Lambda Foundation
- Predecessor: Lambda Business and Professional Group
- Type: NGO
- Registration no.: 862758448 RR0001
- Legal status: Charitable organization
- Headquarters: Ottawa, Ontario, Canada
- President: Cameron Aitken
- Website: lambdafoundation.org
- Formerly called: Lambda Literary and Scholarship Foundation

= Lambda Foundation =

The Lambda Foundation (Fondation lambda), officially the Lambda Scholarship Foundation Canada, is a registered Canadian charity with the mission of creating scholarships, awards, and bursaries in support of 2SLGBTQ+ studies, and education and awareness, in advancement of equality and human rights.

Lambda Foundation is governed by a national Board of Directors.

==History==

For many years, Lambda operated as a spin-off project from an unincorporated club, Lambda Business and Professional Group. The Lambda Business and Professional Group sought charitable status and eventually underwent a name change to Lambda Foundation for Excellence, and its fundraiser, Wilde About Sappho, was one of Canada's largest literary activities.

After establishing five scholarships in partnership with five universities, Lambda incorporated under the name Lambda Literary and Scholarship Foundation - Lambda Foundation being the short version.

SInce the Lambda Foundation received charitable status in 2003, its activities having grown into education and research. It changed its name to Lambda Scholarship Foundation Canada but is still known in short form as the Lambda Foundation/Fondation Lambda.

==Scholarship Programme==
===Universities===
Lambda Foundation's Scholarship Programme is the first Canadian series of national, annual university scholarships in 2SLGBTQ+ research in all fields. To date, scholarships have been established a number university campuses including: Carleton University, Concordia University, Université de Montréal, Guelph University, University of Manitoba, University of New Brunswick, University of Ottawa, University of Victoria, McMaster University, and Laurentian University. There is also a Doctor Gary Gibson Award at Saint's Paul's Hospital Foundation/UBC in Vancouver, and the Friends of Lambda scholarship at the University of Saskatchewan, College of Law (Foster Prize in Human Rights).

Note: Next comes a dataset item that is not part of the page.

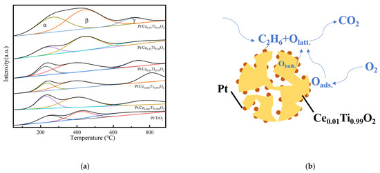 The performance of ethane oxidation is closely related to the oxygen storage capacity of the catalyst. The O2-TPD results of the Pt/CexTi1−xO2 (x = 0, 0.002, 0.005, 0.01, 0.02, and 0.05) catalysts are studied in this section and are shown in Figure 7a. All catalysts showed three desorption peaks near 230, 400, and 700 °C, which can be expressed as α, β, and γ, i.e., the desorption of surface-adsorbed oxygen species, the desorption of surface lattice oxygen, and the thermal decomposition of the catalyst, respectively. Since the Ce element has a good oxygen storage performance, it can be seen intuitively from the figure that as the doping amount of Ce increased, the O2 desorption peak area of the α and β peaks gradually increased, indicating that the oxygen storage capacity of the catalyst was enhanced. The quantitative data obtained from the peak fitting of the curve are shown in Table 2. It has been reported that α and β oxygen species can participate in catalytic oxidation through a surface mechanism and an MVK mechanism [32], respectively. The desorption temperature of the α peak and the β peak of Pt/Ce0.01Ti0.99O2 was lower than that of other catalysts, which directly reflects that the surface-adsorbed oxygen species and surface lattice oxygen species were more active than those of other catalysts. During the catalytic oxidation of ethane, oxygen absorbed on the surface and stored in Pt/Ce0.01Ti0.99O2 in the lattice state was first activated, which resulted in a better catalytic performance than that of other catalysts. However, lattice-state oxygen became predominant with the promotion of oxidation and participated in the whole process. Generally, the ratio between two desorption peak areas (Aβ/Aα) represents the relative amount of active lattice oxygen on the catalyst surface [33], and a more relative amount of active lattice oxygen facilitates the catalytic oxidation reaction. As shown in Table 2, after calculation, Aβ/Aα could be sorted as Pt/Ce0.01Ti0.99O2 (2.90) > Pt/Ce0.005Ti0.995O2 (2.40) > Pt/Ce0.02Ti0.98O2 (2.39) > Pt/Ce0.05Ti0.95O2 (1.55) > Pt/Ce0.002Ti0.998O2 (1.52). The obtained pattern is consistent with the T90 results of the catalyst evaluation (Table 1), proving that surface lattice oxygen is positively correlated with the deep catalytic oxidation of ethane. Consequently, among these catalysts, Pt/Ce0.01Ti0.99O2, with the largest Aβ/Aα and abundant active surface lattice oxygen, was proven to have the best catalytic oxidation performance.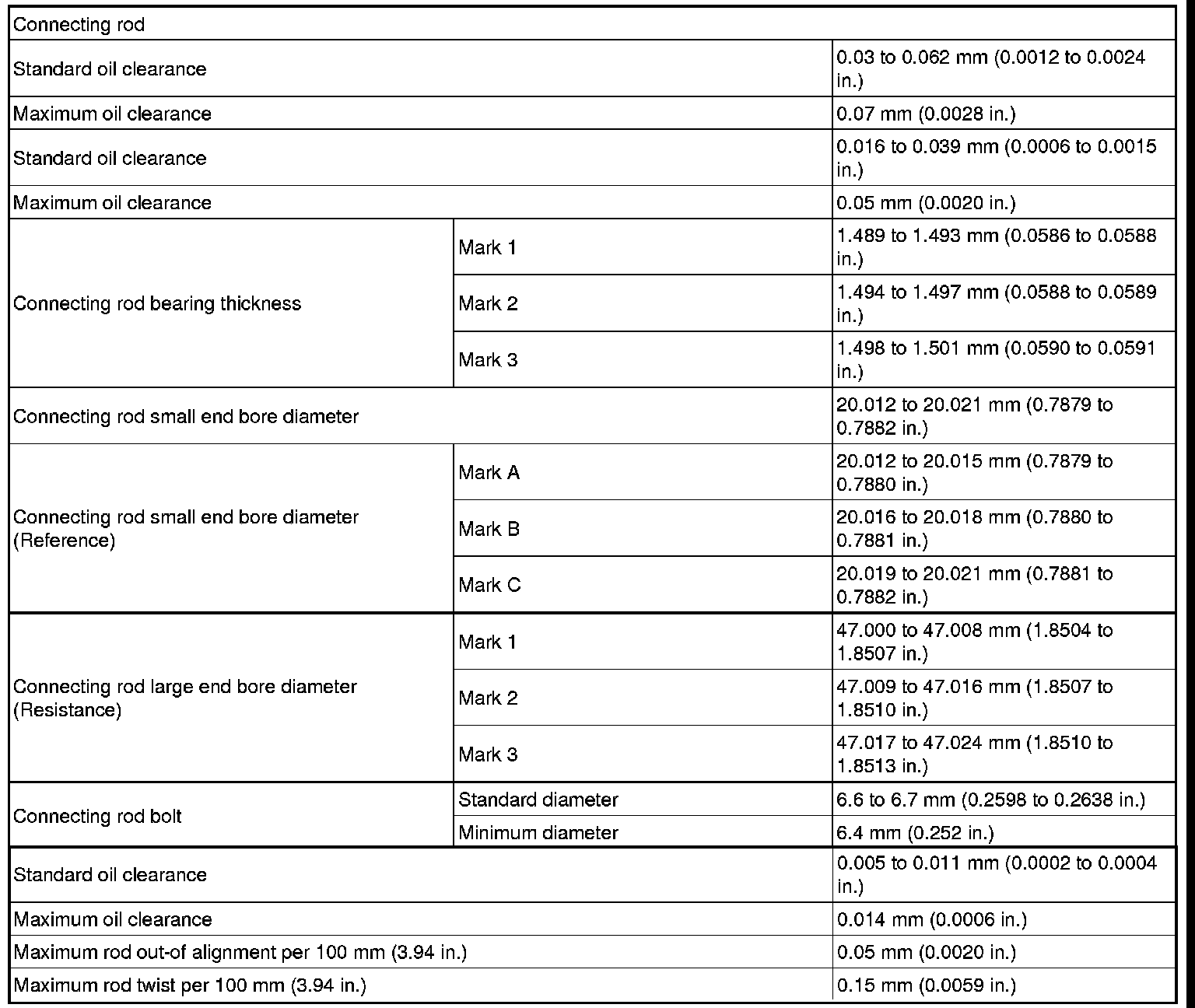 CONNECTING ROD SIDE CLEARANCE, OUT-OF-ROUND, & DIAMETER

Each university selects candidates and projects, based on academic merit and relevance to the LGBT community. Students meeting these criteria are welcome to apply to the participating university, regardless of sexual orientation, gender or any other grounds.

===High Schools===
Expanding beyond universities, Lambda worked with local community leaders in 2007 to establish awards for high school students at Gulf Islands Secondary School on Salt Spring Island, British Columbia.

=== Scholarship/award recipients ===
Lambda Foundation scholarships have been awarded to a wide range of students in arts, literature, social sciences and other sciences, professional schools and secondary schools. The awards highlight the value of 2SLGBTQ+ studies to both the 2SLGBTQ+ community and more broadly. A listing of recipients can be found at the Lambda website.

==Other forms of support==
With the assistance of the Canada Council for the Arts and Carleton University, Lambda sponsored a Writer-in-Residence, Ivan Coyote, at Carleton University during 2007-2008.

In December 2008 Lambda supported an education and research initiative with Queer Peace International to co-produce the publication Breaking Free: Sexual Diversity and Change in Emerging Nations, which examines ways in which sexual/gender minorities in developing countries empower themselves, educate their communities on gender and sexuality differences, and work collaboratively with international allies.